_The problem_
Repeat the lines from the one containing "COSTWAY Bokhylla i" through the end of the listing exactly, both ends included. Do not carry over any pictures.
Data for review: Begin
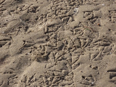 潮が引いてカモ達は沖の方にいましたが、干潟の生き物たちは寒いので砂に潜り、干潟の上にはカモ達の足跡が沢山ありました。ミヤコドリやツクシガモは、まだたくさんいて、見ることができます。
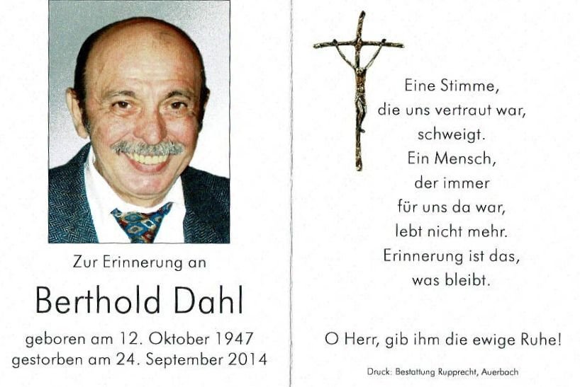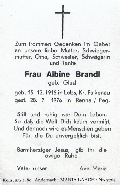 Berthold Dahl 12.10.1947 - 24.09.2014 Brandl Anna geb Lehner 24.11.1919 - 12.07.2012 Brandl Paula 20.02.1913 - 31.10.1984 Brandl Albine geb Glasl 15.12.1915-28.07.1976
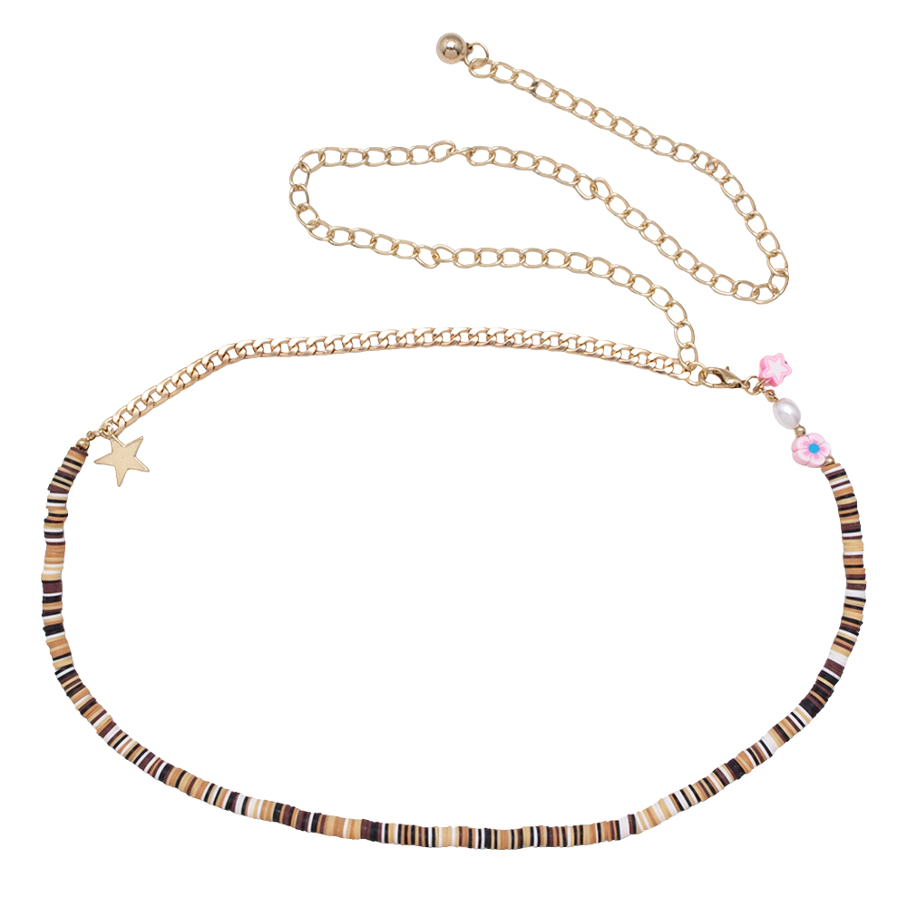COLORED DISC BEAD CHARM CHAIN LINK HOOK BELT
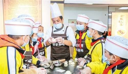 “揉麵團,擀麵皮,包肉餡,上蒸籠……”當天上午,金山小學師生與包點老師齊聚“粵菜師傅”工程研學基地,包點老師手把手教大家如何擀麵、包餡。活動現場歡聲笑語,大家忙得不亦樂乎。研學活動成了學生學習勞動技能、進行德育實踐的生動課堂。
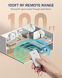 [Easy to Use] Plug and play wireless remote control light switch, no programming or tools required, just press the button ON/OFF to remotely control hard-to-reach sockets, and other home appliances; perfect for the elderly, pregnant women, and people with limited mobility or back pain, no need to bend over or get up and walk [Learning Function & Re-programmable] Transmitter and receiver have been pre-programmed for immediate use, signal non-interference, and you can freely add remote sockets (Same Model) to expand your remote control system with the learning function; the codes will be changed each time after re-programming by variable learning codes technology [Key Chain Remote Control &100 FT Control Range] Convenient to store and carry the remote control plug socket with an anti-lost keychain; strong RF signal works through walls and doors up to 100 feet (30m), suitable for open areas such as bedrooms, living rooms, and garages without interfering with other household appliances [Energy Saving & Safety] With included 3V/CR2032 battery, long-life and energy-efficient, compact design won't block other outlets; ideal for Christmas lights, Vac, TVs, table lamps, bedside lamps, floor lamps, fans, and other household appliances; built-in safety door in each socket prevents children from inserting fingers or other objects [Wide Compatibility] Up to 125V, 60Hz, 15A, 1875W Resistive, our wireless plug socket works with most household electrical appliances, offering reliable performance for everyday use
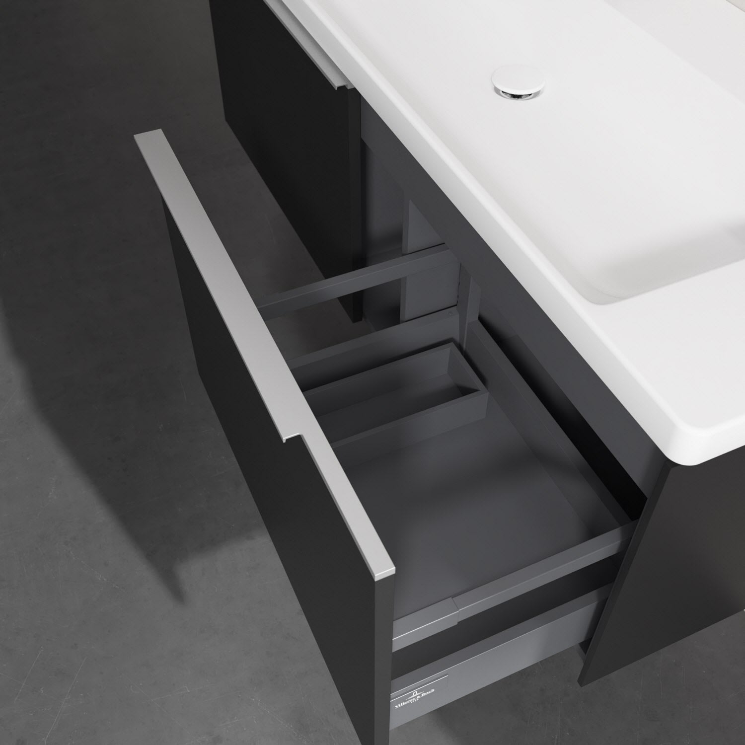- kein Umfallen oder Verrutschen von Pflegeprodukten in den Schubladen dank rutschhemmendem Boden
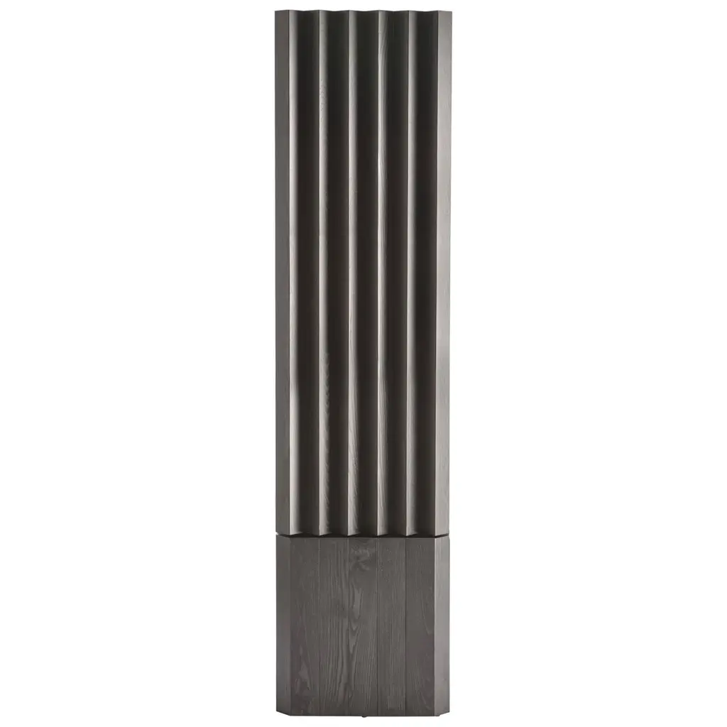 The Kinsey sculpture boasts a unique ridged design on a cylindrical frame, coated in a slate black finish. A rectangular iron base helps balance the statue wherever it is placed. This abstract accessory is the perfect choice for any minimalist, modern, or transitional setting. Available in three size options, making it a great addition to any commercial or residential design plan, as a standalone or a trio for a more impactful display.
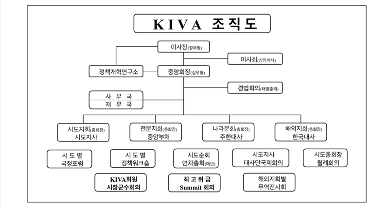 o 이사장은 정무형으로서, 2600여 회원기업을 대표하며, 주한외국대사와 중앙부처 및 시도지사의 공공외교 프로그램 협력주체로서 활동함. o 중앙회장은 실무형으로서 정부행정 경험자가 맡아, 모든 중앙행정기관과 전국의 지방행정기관을 아우르면서 KIVA가 설립목적에 맞게 자리매김되도록 실무를 총괄함 o 정책개혁연구소는 대
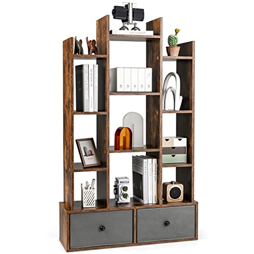 COSTWAY Bokhylla i trädform, stående hylla med lådor, hylla med 12 fack, förvaringshylla för vardagsrum, sovrum, 80 x 24 x 132 cm (vintage brun)
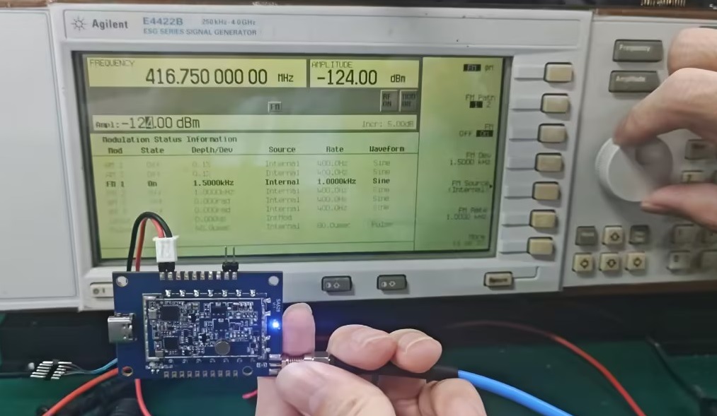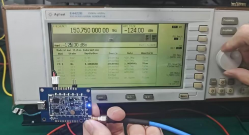 为了客观验证 SA518 的射频性能,我们在标准实验室环境下,基于官方应用板进行了发射功率与接收灵敏度实测,频点可以在我司模块PC软件设置
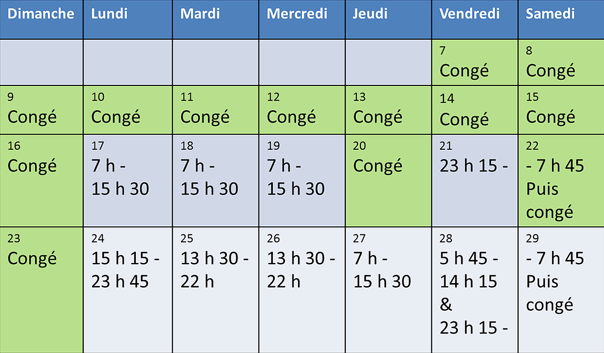 Le contrôleur de la tour détenait une licence et avait les qualifications requises par la réglementation au moment de l’événement. Le contrôleur cumulait 5,5 années d’expérience du contrôle de la circulation aérienne, dont 2 à la tour de contrôle de Calgary. Le tableau 1 donne un aperçu de l’horaire de travail du contrôleur pour les 3 semaines précédant l’événement. Le jour de l’événement était le dernier de 6 jours de travail consécutifs. Au cours des 3 derniers jours, il avait commencé des débuts de quart devancés de plus en plus tôt chaque jour. À la date de l’événement, le contrôleur avait travaillé de jour jusqu’à 14 h 13, puis était revenu au travail le même jour à 23 h 15 pour prendre son service de nuit à 23 h 45. Bien que le BST ait conclu précédemment qu’il y a un risque de fatigue au cours des quarts de nuit avec ce type de rotation des quartsNote de bas de page 14, la fatigue n’est pas considérée comme un facteur contributif à cet événement.
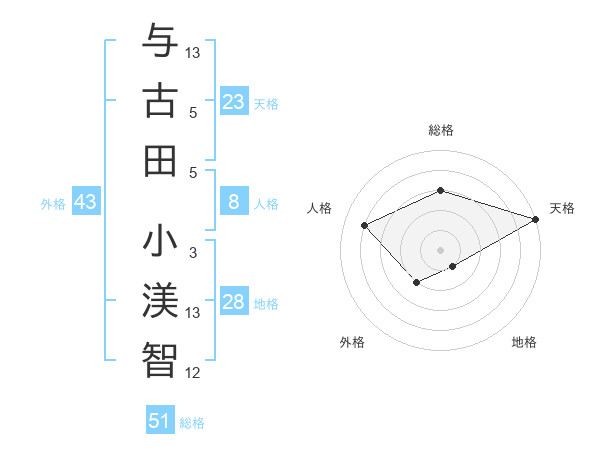 与古田 小渼智さんの天格は23画の5点!
Data for review: End
_Answer to this exercise_
 COSTWAY Bokhylla i trädform, stående hylla med lådor, hylla med 12 fack, förvaringshylla för vardagsrum, sovrum, 80 x 24 x 132 cm (vintage brun)
 为了客观验证 SA518 的射频性能,我们在标准实验室环境下,基于官方应用板进行了发射功率与接收灵敏度实测,频点可以在我司模块PC软件设置
 Le contrôleur de la tour détenait une licence et avait les qualifications requises par la réglementation au moment de l’événement. Le contrôleur cumulait 5,5 années d’expérience du contrôle de la circulation aérienne, dont 2 à la tour de contrôle de Calgary. Le tableau 1 donne un aperçu de l’horaire de travail du contrôleur pour les 3 semaines précédant l’événement. Le jour de l’événement était le dernier de 6 jours de travail consécutifs. Au cours des 3 derniers jours, il avait commencé des débuts de quart devancés de plus en plus tôt chaque jour. À la date de l’événement, le contrôleur avait travaillé de jour jusqu’à 14 h 13, puis était revenu au travail le même jour à 23 h 15 pour prendre son service de nuit à 23 h 45. Bien que le BST ait conclu précédemment qu’il y a un risque de fatigue au cours des quarts de nuit avec ce type de rotation des quartsNote de bas de page 14, la fatigue n’est pas considérée comme un facteur contributif à cet événement.
 与古田 小渼智さんの天格は23画の5点!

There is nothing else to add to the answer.